L’urgence d’un projet – qui aurait alors mené à un « dépassement de budget » – n’est plus un critère pertinent : s’il est manifestement rentable, il faut y investir ; si l’on ne peut assurer sa rentabilité – même par manque de temps pour calculer le gain – il ne faut pas s’y risquer … Seule limite, commune à tout projet d’investissement : l’entreprise ne dispose pas forcément des moyens pour mener tous ses projets, même rentables :

  • Moyens financiers, pour acheter produits, supports et services nécessaires,
  • Moyens logistiques : salles, informatique …
  • Moyens humains : animateurs et participants.

Le moyen le plus limitant est souvent la disponibilité des participants : si l’objectif d’une formation est de rendre la personnel apte à générer plus de gains, il ne s’agit pas de l’empêcher de travailler par un temps de formation excessif.

Le choix de lancer un projet de formation pour des raisons ‘inavouables’ est toujours possible[7]: organiser une « sortie », céder au caprice d’un dirigeant, etc. Mais il devint alors possible d’en arbitrer le coût …

  • Etudier l’ensemble des principes de transmission : la formation ‘en salle’ n’est pas forcément le meilleur principe. On a déjà mentionné l’auto-formation, mais d’autres modes de transmission de savoirs et compétences existent : le parrainage ou compagnonnage ou coaching, les ‘guides’ ou procédures papier ou informatisés, l’expérience directe ‘hands-on’ …
  • S’attacher à l’évaluation : une formation professionnelle digne de ce nom se clôt toujours par une évaluation.
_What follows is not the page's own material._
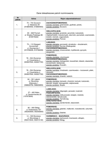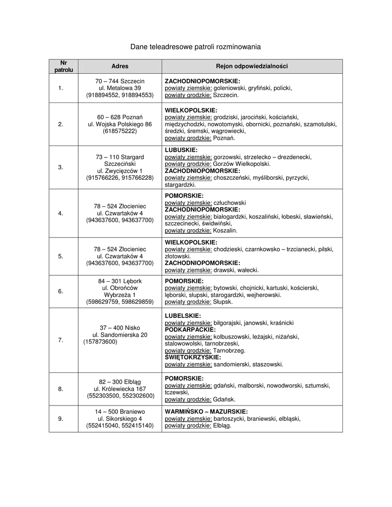 Dane teleadresowe patroli rozminowania Nr patrolu Adres Rejon odpowiedzialności ZACHODNIOPOMORSKIE: powiaty ziemskie: goleniowski, gryfiński, policki, powiaty grodzkie: Szczecin. 1. 70 – 744 Szczecin ul. Metalowa 39 (918894552, 918894553) 2. 60 – 628 Poznań ul. Wojska Polskiego 86 (618575222) 3. 73 – 110 Stargard Szczeciński ul. Zwycięzców 1 (915766226, 915766228) LUBUSKIE: powiaty ziemskie: gorzowski, strzelecko – drezdenecki, powiaty grodzkie: Gorzów Wielkopolski. ZACHODNIOPOMORSKIE: powiaty ziemskie: choszczeński, myśliborski, pyrzycki, stargardzki. 4. 78 – 524 Złocieniec ul. Czwartaków 4 (943637600, 943637700) POMORSKIE: powiaty ziemskie: człuchowski ZACHODNIOPOMORSKIE: powiaty ziemskie: białogardzki, koszaliński, łobeski, sławieński, szczecinecki, świdwiński, powiaty grodzkie: Koszalin. 5. 78 – 524 Złocieniec ul. Czwartaków 4 (943637600, 943637700) WIELKOPOLSKIE: powiaty ziemskie: chodzieski, czarnkowsko – trzcianecki, pilski, złotowski. ZACHODNIOPOMORSKIE: powiaty ziemskie: drawski, wałecki. 6. 84 – 301 Lębork ul. Obrońców Wybrzeża 1 (598629759, 598629859) POMORSKIE: powiaty ziemskie: bytowski, chojnicki, kartuski, kościerski, lęborski, słupski, starogardzki, wejherowski. powiaty grodzkie: Słupsk. 7. 37 – 400 Nisko ul. Sandomierska 20 (157873600) WIELKOPOLSKIE: powiaty ziemskie: grodziski, jarociński, kościański, międzychodzki, nowotomyski, obornicki, poznański, szamotulski, średzki, śremski, wągrowiecki, powiaty grodzkie: Poznań. LUBELSKIE: powiaty ziemskie: biłgorajski, janowski, kraśnicki PODKARPACKIE: powiaty ziemskie: kolbuszowski, leżajski, niżański, stalowowolski, tarnobrzeski, powiaty grodzkie: Tarnobrzeg. ŚWIĘTOKRZYSKIE: powiaty ziemskie: sandomierski, staszowski. 8. 82 – 300 Elbląg ul. Królewiecka 167 (552303500, 552302600) POMORSKIE: powiaty ziemskie: gdański, malborski, nowodworski, sztumski, tczewski, powiaty grodzkie: Gdańsk. 9. 14 – 500 Braniewo ul. Sikorskiego 4 (552415040, 552415140) WARMIŃSKO – MAZURSKIE: powiaty ziemskie: bartoszycki, braniewski, elbląski, powiaty grodzkie: Elbląg. Nr patrolu Adres Rejon odpowiedzialności 11 – 500 Giżycko ul. Wojska Polskiego 1 (874294320, 874294321) PODLASKIE: powiaty ziemskie: augustowski, sejneński, suwalski, powiaty grodzkie: Suwałki. WARMIŃSKO – MAZURSKIE: powiaty ziemskie: giżycki, gołdapski, kętrzyński, olecki, węgorzewski. 10 – 073 Olsztyn ul. Saperska 1 (895423428, 605727486) WARMIŃSKO – MAZURSKIE: powiaty ziemskie: działdowski, iławski, lidzbarski, nidzicki, nowomiejski, olsztyński, ostródzki, szczycieński, powiaty grodzkie: Olsztyn. 12 – 250 Orzysz ul. Wojska Polskiego 33 (874371933, 874371934) MAZOWIECKIE: powiaty ziemskie: ostrołęcki. PODLASKIE: powiaty ziemskie: grajewski, kolneński, łomżyński, powiaty grodzkie: Łomża, Ostrołęka. WARMIŃSKO – MAZURSKIE: powiaty ziemskie: ełcki, mrągowski, piski. 13. 86 – 200 Chełmno ul. 3 – go Maja 3 (566673220, 566673222) KUJAWSKO – POMORSKIE: powiaty ziemskie: brodnicki, bydgoski, chełmiński, golubsko – dobrzyński, grudziądzki, sępoleński, świecki, tucholski, wąbrzeski, powiaty grodzkie: Bydgoszcz, Grudziądz, POMORSKIE: powiaty ziemskie: kwidzyński 14. 88 – 100 Inowrocław ul. Dworcowa 56 (523596222, 523596671) KUJAWSKO – POMORSKIE: powiaty ziemskie: aleksandrowski, inowrocławski, lipnowski, mogileński, radziejowski, rypiński, toruński, włocławski, powiaty grodzkie: Toruń, Włocławek. 15. 88 – 100 Inowrocław ul. Dworcowa 56 (523596222, 523596671) KUJAWSKO – POMORSKIE: powiaty ziemskie: nakielski, żniński, WIELKOPOLSKIE: powiaty ziemskie: gnieźnieński, kaliski, kolski, koniński, pleszewski, słupecki, turecki, wrzesiński, powiaty grodzkie: Kalisz, Konin. 16. 15 – 601 Białystok ul. Kawaleryjska 70 (857498530) 10. 11. 12. 17. 05 – 076 Warszawa-Wesoła ul. Okuniewska 1 (226812180, 226812301) 18. 05-100 Nowy Dwór Maz. ul. Leśna 1 (523596222, 523596671) PODLASKIE: powiaty ziemskie: białostocki, bielski, hajnowski, moniecki, siemiatycki, sokólski, wysokomazowiecki, zambrowski, powiaty grodzkie: Białystok. LUBELSKIE: powiaty ziemskie: łukowski, MAZOWIECKIE: powiaty ziemskie: garwoliński, łosicki, miński, otwocki, ostrowski, siedlecki, sokołowski, węgrowski, wołomiński, powiaty grodzkie: Siedlce. MAZOWIECKIE: powiaty ziemskie: ciechanowski, makowski, mławski, płoński, przasnyski, pułtuski, sierpecki, wyszkowski, żuromiński. Nr patrolu Adres Rejon odpowiedzialności 19. 05-100 Nowy Dwór Maz. ul. Leśna 1 (523596222, 523596671) ŁÓDZKIE: powiaty ziemskie: kutnowski, MAZOWIECKIE: powiaty ziemskie: białobrzeski, gostyniński, grodziski, grójecki, nowodworski, piaseczyński, płocki, pruszkowski, sochaczewski, warszawski zachodni, żyrardowski, powiaty grodzkie: Płock. 20. 05-100 Nowy Dwór Maz. ul. Leśna 1 (523596222, 523596671) MAZOWIECKIE: powiaty ziemskie: legionowski, powiaty grodzkie: Warszawa. 21. 66 – 600 Krosno Odrzańskie ul. Piastów 7 (683672121, 683672111) LUBUSKIE: powiaty ziemskie: krośnieński, międzyrzecki, słubicki, sulęciński, świebodziński, żarski. 22. 67-200 Głogów ul. Wojska Polskiego 58 (768364303, 768364953) DOLNOŚLĄSKIE: powiaty ziemskie: górowski, milicki, trzebnicki, wołowski, LUBUSKIE: powiaty ziemskie: nowosolski, wschowski, zielonogórski, żagański, powiaty grodzkie: Zielona Góra, WIELKOPOLSKIE: powiaty ziemskie: gostyński, krotoszyński, leszczyński, ostrowski, rawicki, wolsztyński, powiaty grodzkie: Leszno. 23. 59 – 700 Bolesławiec al. Wojska Polskiego (756411505, 756411504) DOLNOŚLĄSKIE: powiaty ziemskie: bolesławiecki, jeleniogórski, kamiennogórski, lubański, lwówecki, zgorzelecki, złotoryjski, powiaty grodzkie: Jelenia Góra. 24. 67-200 Głogów ul. Wojska Polskiego 58 (768364303, 768364953) DOLNOŚLĄSKIE: powiaty ziemskie: głogowski, jaworski, legnicki, lubiński, polkowicki, średzki, świdnicki, wałbrzyski, powiaty grodzkie: Legnica. 2

Mais attention à ce qui est mesuré : le respect du programme ? L’acquisition de savoirs ? L’atteinte d’objectifs pédagogiques ? L’acquisition d’une compétence nouvelle ? L’amélioration de la performance d’un processus de l’entreprise ?

Les moyens d’évaluation sont variés, autant en coût qu’en pertinence selon l’objectif : échelle de satisfaction, QCM, étude de cas, jury, assessment center, mise en situation réelle, …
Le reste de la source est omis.